Creatorden’in tanımına göre; insanların davranışlarını etkileyen ya da değiştiren kişidir. Günümüzün yeni medya dünyasında influencer, sosyal medya kanallarında belirli bir güce ve popülerliğe sahip olan, hitap ettiği takipçi kitlesini etkileyen bilirkişidir.
Tanımın son kelimesi cepte dursun.
Daha önce FOMO yazımda yer verdiğim paradoksa selam çakıp bir yenisini ortaya koymak gerekirse, influencer’lar para kazanmak, kitlesini diri tutmak ve daha iyisini yapıp süreç içerisinde daha fazla marka ile anlaşabilmek için; takipçi kitle ise kimi zaman değer verdiği influencer’ların hayatlarını kaçırmamak, tavsiyelerini alabilmek, kimi zaman ise belki de bir “Mikroinfluencer” olabilmek umuduyla, sosyal ağlardan başını kaldıramıyor. 100 adet fotoğraf çekip, o mükemmel 1 adet fotoğrafı bulabilmek için saatler harcayanlar mı dersiniz; daha iyi görünmek için Photoshop’ta duvarları, merdivenleri yamultan mı… Hepsi var bugünlerde, hem de fazlasıyla.

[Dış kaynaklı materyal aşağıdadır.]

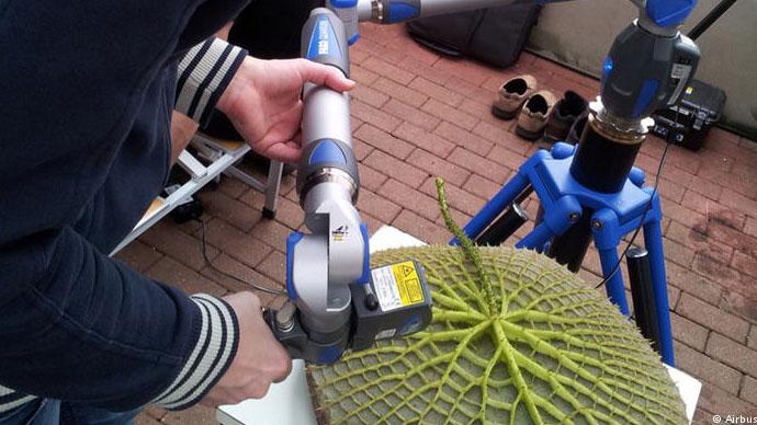 সেটাই দেখছেন তিনি: ছবিতে এক গবেষককে জলপদ্মের গঠন নিয়ে কাজ করতে দেখা যাচ্ছে৷ তিনি একটি বিমান তৈরি কোম্পানিতে কাজ করেন৷ বিমানের স্পয়লার (সাধারণত ডানায় থাকে যা বিমানকে স্থির রাখে) তৈরির নতুন উপায় খুঁজে পেতে সহায়তা করেছে জলপদ্মের এই গঠন৷
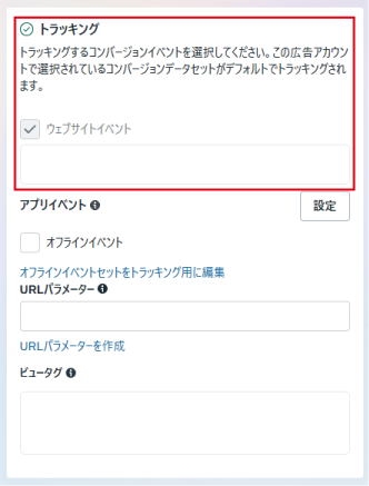 ウェブサイトへの遷移を促す目的の場合、広告の「トラッキング」で、設定済みのMetaピクセル(データセット)が選択されていることを確認します。
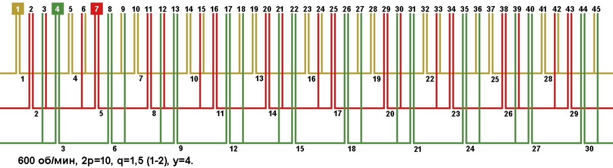 | Начало фаз по пазам | C1;C2;C3 | 1;4;7 |
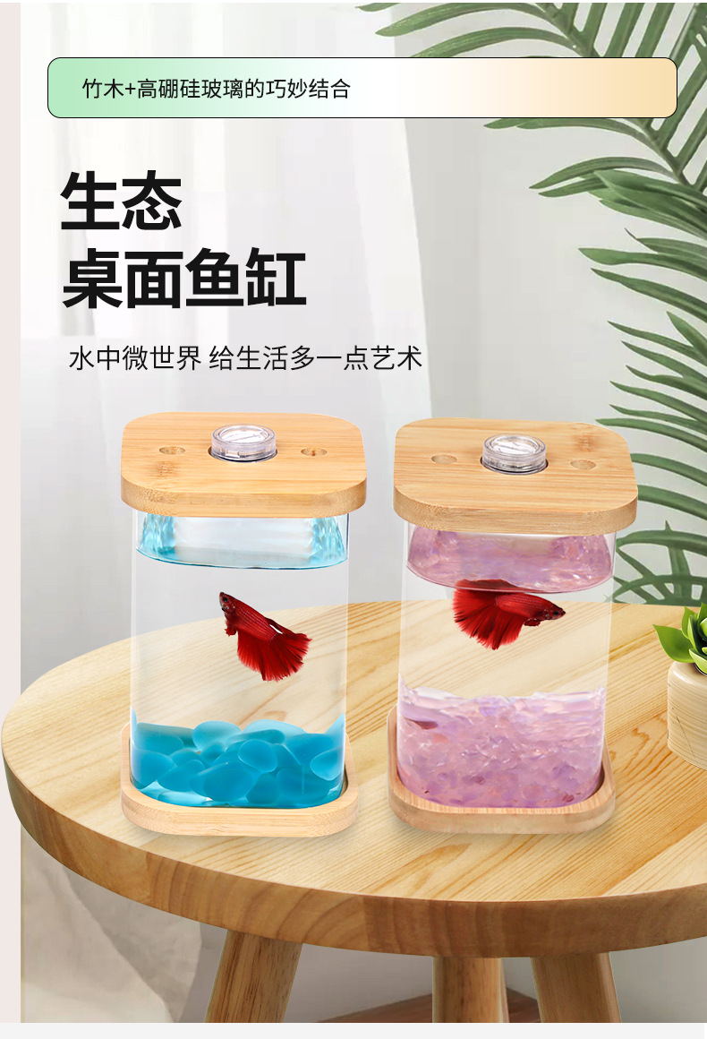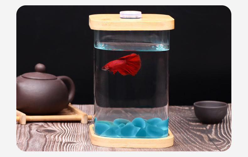 타이 스페셜 어항 소형 미니 수족관 사무실 탁상 풍경 슈퍼 화이트 유리 대나무 어항
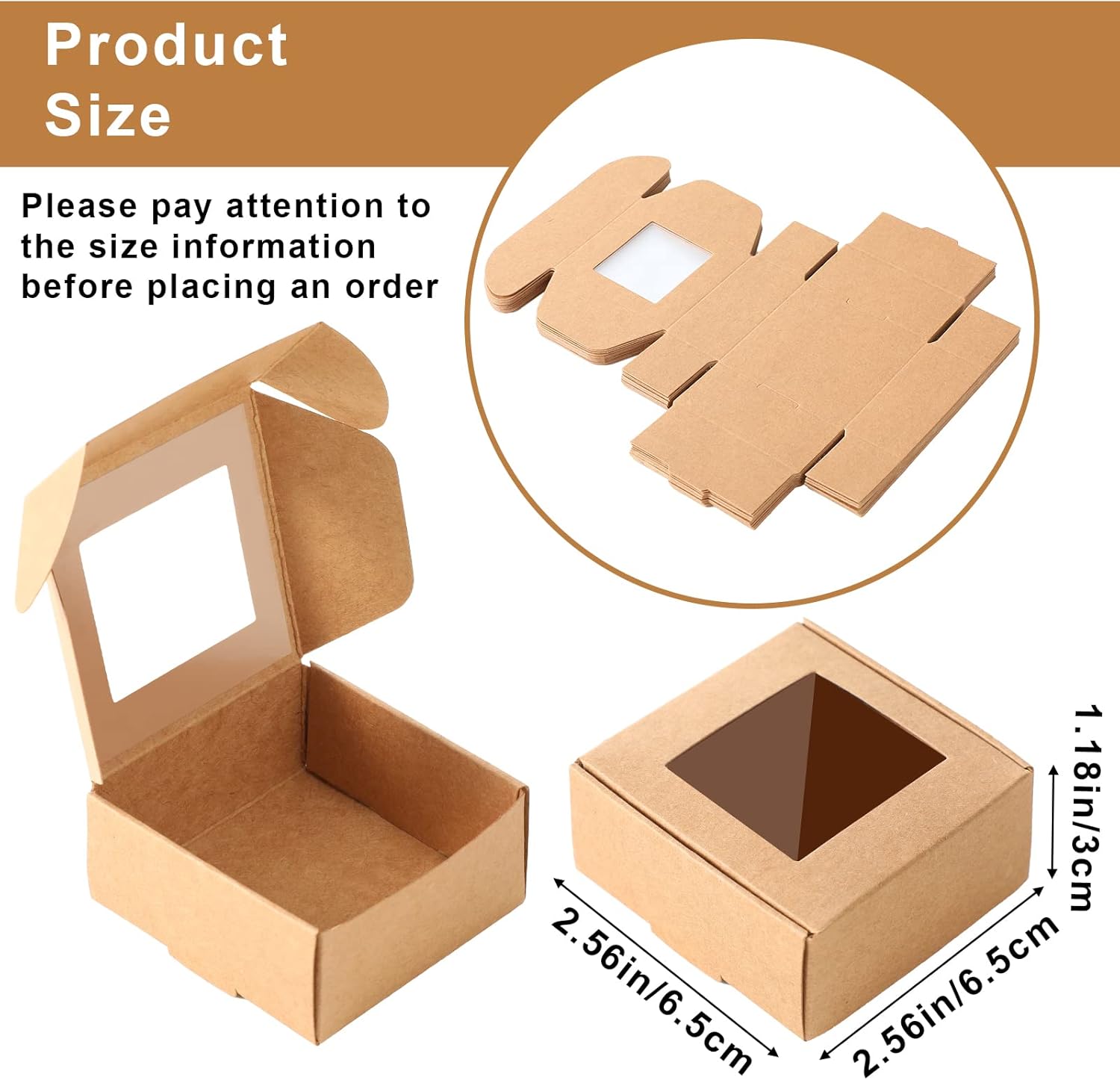 Zonon 30 Pcs Soap Boxes for Homemade Packaging, Mini Kraft Treat Boxes with Window for Bakery Candy Soap Making Gift Packaging(2.56 x 2.56 x 1.18 Inch,Brown)

Girişte yer alan sayılar, teorik olarak hangi influencer’ın hangi kategoriye girdiğini gösteriyor. Yavaştan bir şeyler canlandı mı gözünüzde? Mikroinfluencer kategorisi 1000 takipçiden başlıyor mesela! Aslında hepimiz buna ne kadar yakınız. Şahsen benim çevremde 1000’den fazla takipçisi olan sayısız arkadaşım vardır. Verilen bu istatistikler belki de piyasanın ekmeğine yağ süren bir algı yönetimi. Yani “Siz de onlar gibi olabilir, kitleler üzerinde etki yaratabilirsiniz” demek istiyorlar. Bu kolaylık algısı ise senin gibi, benim gibi sıradan kullanıcıları bile profesyonel bir “Instagrammer” olma hayaline sevk edebiliyor. Kavramların içini doldurmakta kritik hatalar yaptığımızı düşündüğümü daha önce söylemiştim. Bu da kavramsal bir paradigma hatasından fazlası değil.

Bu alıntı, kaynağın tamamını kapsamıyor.